Evans has expertise in the relationship between Atlantic slavery and industrial development in Europe, with a particular focus on Welsh industry. His book Slave Wales: The Welsh and Atlantic Slavery, 1660-1850 (2010) revealed for the first time the significance of Welsh woollens in the slave Atlantic between the 1680s and the 1840s.
Using material in British and US archives, Evans was able to demonstrate how Welsh fabric was traded for captives on the Guinea coast, and sold in large volumes to planters in the Caribbean and North America. Marketed as “Negro Cloth”, Welsh woollens were used to clothe enslaved workers.
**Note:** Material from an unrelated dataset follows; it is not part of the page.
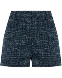 Introducing the BONNIA SHORTS from the exclusive collection by IRO, captivating with their unique style and elegance. Made from a navy-hued fabric, the shorts feature a subtle textured pattern reminiscent of exquisite tweed. The classic high-waisted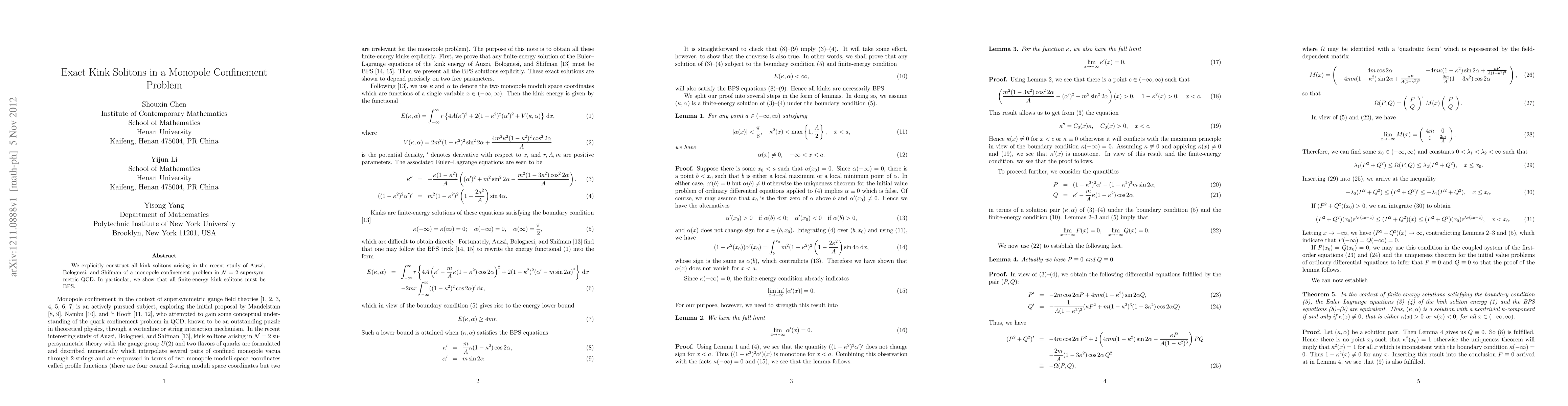 We explicitly construct all kink solitons arising in the recent study of Auzzi, Bolognesi, and Shifman of a monopole confinement problem in ${\cal N}=2$ supersymmetric QCD. In particular, we show that all finite-energy kink solitons must be BPS.

Slave Wales was the inspiration for a community research project, From Sheep to Sugar: Welsh Wool and Slavery, supported by the National Heritage Lottery Fund. Based in North and Mid-Wales, the heartland of “Negro Cloth” production, the project was directed by Learning Links International CIC, a social enterprise specialising in educational initiatives linking Wales to the Caribbean and Africa.
The project has been recognised as an exemplary response to the Well-Being of Future Generations Act by the Learned Society of Wales in its 2020 report Wales Studies: Research about Wales, for Wales and the World.
Inspired by the project, award-winning Welsh-language writer Angharad Tomos wrote a young adult novel, Y Castell Siwgar [The Sugar Castle] (2020), which explores the links between Wales and Jamaica through its two teenage protagonists, one free and one enslaved.
One textile artist, Jennifer Hodgeman, having read Evans’s Slave Wales, designed a textile installation, “Sugar(sic)k”, which was exhibited at The Weir Garden, a National Trust property in Herefordshire that attracts 35,000 visitors annually, in 2019.